With that said, I pretty much despised 73 right from the first time listening to it up until about 5 classes into launch. I had started 3 separate blog posts on the release, including a scathing short review, a post that was going to discuss "What to do when you hate a song/release" (which I still intend to post), and one that was going to ask for feedback on whether or not someone has ever just skipped parts of a release or an entire release altogether. Yes, I disliked it that much. It didn't help that my club hosted a module on that release, which meant that all the trainee instructors were prepping for videos and had to teach it over and over and over again...
My problems with the release had very little to do with choreography and largely to do with the music. This is where the conflict with me arises. Because I will be the first to admit that everyone's tastes are different, and what I like and dislike shouldn't exclusively dictate what I teach, because there will be other tracks in the body of material that other participants will be drawn to. Choreographically, there were some innovations in 73 that we haven't seen before, and I always appreciate that. Track 9 was tough, featuring plyos for the first time in 7 releases. I also admit that a large part of my initial opinion of a release has to do with how I feel about tracks 1,9,12. If I don't like 2 of the 3, odds are I will write off the release as a whole. Long story short, I have learned to love half of the release. I will discuss this in detail in my review, which will be coming soon.
But the other half of this conflict is that I know the Attack community at large (especially those of us who have either been around long enough, or somehow otherwise experienced the late 40s and 50s releases) cannot stand 73 and are concerned with where the past few releases have been taking us. The music has swayed MUCH more to the techno side, lyrics have taken a back burner to heavy beats and synthesizers, and we haven't had an original artist in several quarters now. This is aggravating in and of itself... and I know what you're all going to say. The whole PPCA thing is very much at fault for this. It's still aggravating, and I'd be lying if I hadn't shot a few choiced four letter words in Australia's direction (at the PPCA, not at them in general :) ).
But yes. Due to the music choices, as well as the training-dictated repetitions of 73, it has been largely shelved for the immediate future. I have more to say about all of this, but will let it rest for now and move on to other topics...
Unlike 73, I hadn't heard much about 74 prior to getting the release. I knew Brent McLemore and Amy Styles were back, both of whom I cannot say enough good things about. I also knew Lisa was back, which was very exciting. And once I saw the playlist, I was quite encouraged. I already knew and loved 5 of the songs. Granted, Attack uses remixes, but still. There are times when the playlists come out and I've never heard of the vast majority of the release. So this was encouraging. The time came, and I popped the DVD into the player.
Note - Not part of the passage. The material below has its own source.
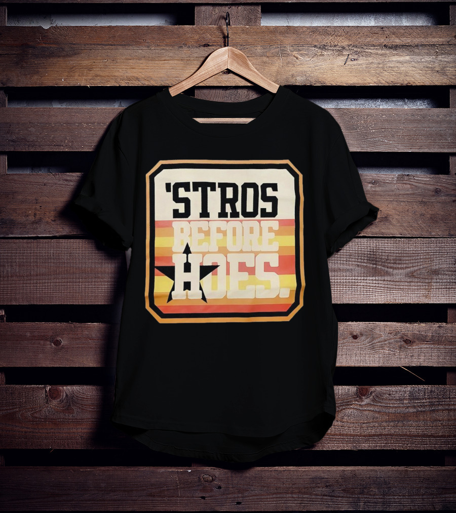 'Stros Before Hoes Houston Astros Star Retro Shirt made from 100% pre-shrunk ring-spun cotton, unisex regular fit based on U.S. standard sizing. The shirt is designed, cut, sewn, and printed in the United States. Available in sizes S-5XL.

YES!!! Good stuff. I am quite excited about 74, save a few songs. One thing that immediately sticks out to me is that it's HARD. We tend to say this about every release, but I've done the release myself now, and tracks 4,5,7,9,and abs are all amongst the most challenging of their slots. This one will take some practice for me to be ready to teach.
Now I'll give you a sneak preview, as well as my initial reaction, track by track:
- Warmup - The grapevine is back, squat taps are still around which I love. I don't like the song and it's too fast for a warmup in my opinion. We need to start a little slower and build more gradually.
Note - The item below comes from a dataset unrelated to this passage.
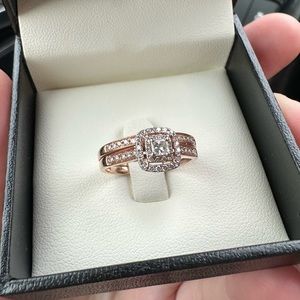 This rose gold engagement/band set is like new and missing no diamonds. 10 karrat. Sized to 8, and the two rings are lightly soldered together. Could be easily taken to a jewelers have them separated!
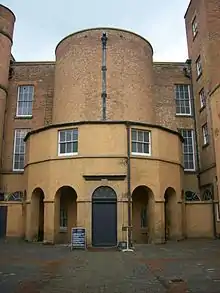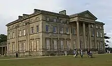 Attingham Park was designed by George Steuart, a follower of James Wyatt, whose only surviving country house this is.[7] It was built from 1772 to 1785 for Noel Hill, 1st Baron Berwick, on the site of an earlier house called Tern Hall (which had been built to his own designs by Richard Hill of Hawkstone). The proportions have been criticised: for Simon Jenkins "The facade is uncomfortably tall, almost barracks-like, the portico columns painfully thin".[8] There is a large entrance court, with an imposing gatehouse, and two single storey wings stretch out to either side of the main block.

- Mixed Impact - I like the song. Heel digs are back for the first time since 66, which I love. Another great innovative combo in this one. People are complaining about the ending of the track, I like it.
- Aerobic - Like the new variations of choreography, hate the song. Features a run towards the stage, turn around and run back.
- Plyometric - LOVE LOVE LOVE!!! The song is perfect, the moves are perfect, it's the perfect combination and a perfect fit for a track 4. Combo of plyos and squat jumps. It is HARD. I was not able to do the entire track high when I did it the first time. There is virtually no recovery time either. But if I hadn't already written my top 10 plyo tracks, this one would be on it.
- Upper Body Conditioning - Another great track!!! Features a walking burpee that we've never seen before. I was able to successfully execute every walking burpee, but was not able to put the focus on the pushups that I wanted to. It's more cardio then usual for an upper body track, and I can understand why people would worry about teaching it on a wood floor. It will need to be modified and/or heavily optioned based on the class participants.
- Running - Dull and boring. Don't like the song. Too repetitive, and the new "sprint" moves don't really work.
- Agility - Snow sports based. Although I know some people on the forums are bitching that this isn't a mainstream sport, I personally take the opposite view. Attack isn't dying anytime soon, so unless you want nothing but basketball, soccer, and volleyball moves for the rest of our lives, I can appreciate the diversity of the sports. There is a Combat-inspired snowboard move that is basically the same as a decoy. I like this one, but again, VERY challenging. The song is funky, but appropriately so.
- Interval - There has been a lot of discussion about the flatness of the last few interval tracks. I was really excited when I saw the song being used here, but I have to say, the remix used kinda ruins it. It's quite a bit like 67, where you get the same 2 lines of the song over and over, layered between sections of instrumental techno music. It's not terrible, but not great either. This song has been used in a previous Attack release (pre the format change, but still), and instructors who have been around that long WILL argue that the older version is better. I can't say I disagree. Lisa has told us directly that the choreography for track 8's will never change much, and the small variations we do see don't make up for the crappy version of the song.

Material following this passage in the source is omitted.